# I Want This Saw



## Beachside_Hank (Mar 3, 2016)

If ever there was a all- round benchtop metal cutting bandsaw for the home shop, this one is it. I've had my eyes open for something like this for a long time but have never seen one until now. The video is Russian, but no translation is needed, from one craftsman to another his tour of it is self- explanatory:
[ame]https://www.youtube.com/watch?v=7g_5cGNA4CQ[/ame]

It might be I need to get out more often, but if anybody knows of a version that can work in the U.S. that has all the features of this machine, please post.


----------



## rudydubya (Mar 3, 2016)

Hank, I don't know if it's identical, but Little Machine Shop has one that looks a lot like it. http://littlemachineshop.com/products/product_view.php?ProductID=4829&category=

Regards,
Rudy


----------



## purpleknif (Mar 3, 2016)

Just a nicely modified portable band saw. You can get the saw part just about anywhere but I got my 4x6 at horrible freight for $199. That's less than most of the portables I've seen.


----------



## dnalot (Mar 3, 2016)

When I was in Arkansas I saw a saw 
that could outsaw any other saw I ever saw saw. 
If you've got a saw that can outsaw the saw I saw saw 
then I'd like to see your saw saw. 


mark t


----------



## Herbiev (Mar 3, 2016)

The gardening websites Organic web solutions and Homely garden.com list them for some reason.
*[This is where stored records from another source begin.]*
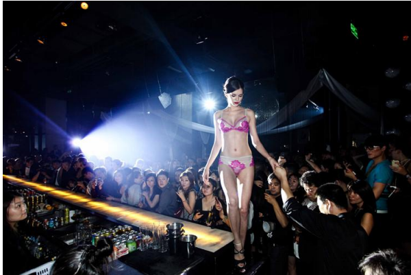
LA PERLA Show on Black Swan Party 2012 July at M1NT Shanghai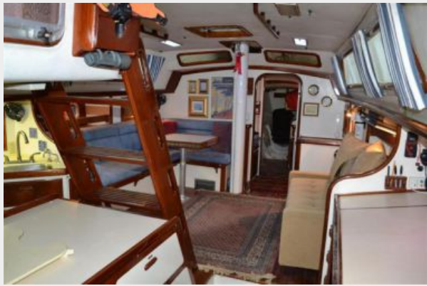
58' Farr Custom Looking fwd to port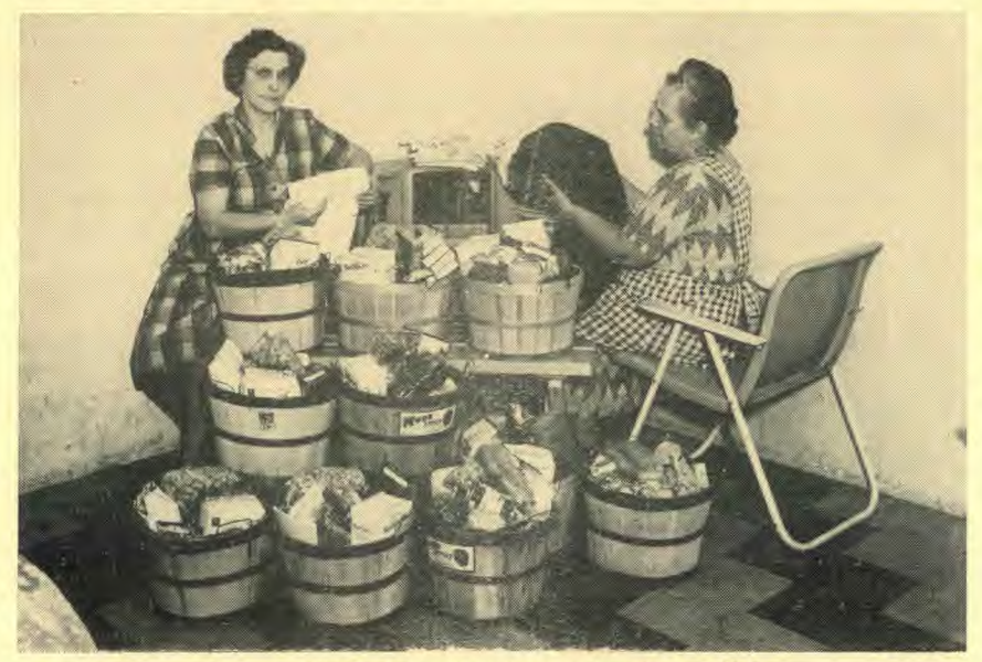
DORCAS WORKERS AT GRANITE FALLS

Probably for pruning


----------



## jayville (Mar 3, 2016)

this is mine ...after lathe and mill best thing invented for the modelling.....clem


----------



## Blogwitch (Mar 4, 2016)

Jayville, that is the same as mine. Compact and powerful, easily chops lumps off a 4" billet of ali, and fits in a corner on the workbench without taking up any floor space.
I replaced my mechanical saw with this little beauty and have never regretted it.

Unfortunately not now available from where I bought mine (Warco) but they do carry the full range of spares if needed.

John


----------



## jayville (Mar 4, 2016)

blogwitch...there been on the market here for about 12 months...when I first saw the info on it I thought it looked a bit toyish ,but no way ,it's one of the best toys that I have purchased after my lathe and mill...so handy..it replaced 2 drop or chops as some call them...no dust.no noise .no sparks..they are excellent for our hobby.   clem


----------



## Blogwitch (Mar 4, 2016)

Sorry Clem, gave you some duff info, mine came from Axminster in the UK, and was replaced by this one.
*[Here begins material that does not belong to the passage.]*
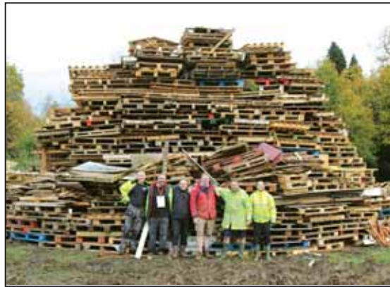
Some Round Table members with the fully-constructed bonfire in the Dene Field.

http://www.axminster.co.uk/axminster-model-engineer-series-ue-127dv1-bandsaw-505214

It has a few extra gizmos on it that I didn't really need and definitely not worth the extra £150 over what mine cost at £199.

John


----------



## ROB 123 (Mar 4, 2016)

I bought this one http://www.axminster.co.uk/axminste...55hd-swivel-head-metal-cutting-bandsaw-700103 
but it was forever blowing the capacitor they did take it back and fixed it but it went again so I put a 2hp motor on it that has a start AND a run capacitor  so far its working great .

Rob.


----------



## Beachside_Hank (Mar 4, 2016)

Thanks for your thoughts guys, in the end I guess I still can't get past the Harbor Freight machine for around $200. I know it'll take a bit to put it right, but they are literally just down the street from me so taking delivery is no problem either.
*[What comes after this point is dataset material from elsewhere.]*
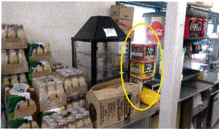
Figure B: Photograph of the location where the cheese sauce dispenser was stored at VOFF.

The warming case, used to keep the tortilla chips warm for the nachos, was found stored on top of a stainless steel storage cabinet located between the fountain drinks dispenser and the cases of bottled Starbucks coffee drinks. The Gehl's nacho cheese and chili sauce warming dispenser unit, impounded by SCPH on May 5, 2017, would have been located between the chips warming case and the fountain drinks dispenser (yellow circle on Figure B).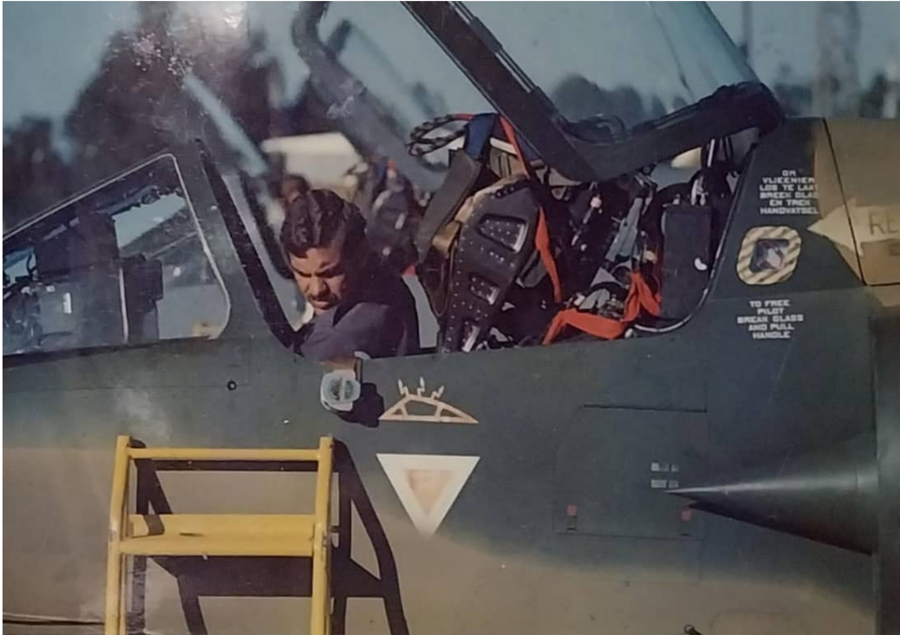
"A little rough" as remarked in the Squadron diary is an appropriate description of the first paint jobs, but it got the job done. Note the partial overspray of nutria brown on the ejection seat warning triangle and the slightly oversprayed "rescue" arrow aft of the canopy. In this area the hard edge between the original buff and dark green colours is clearly visible.

I have taken some inspiration as to what I want to do with it from this video:
[ame]https://www.youtube.com/watch?v=K31SPcSAs9E[/ame]
Specifically, I like the base cabinet they have, the supplied one is crap from H.F. so that mobility & extra storage will make up for lack of smaller footprint.

There, I've rationalized it.


----------



## ninefinger (Mar 4, 2016)

For those in Canada I just found this at Princess Auto as I wandered the aisles, $420 seems a bit steep but with the weak Canadian dollar I guess that is the going price.

Mike


----------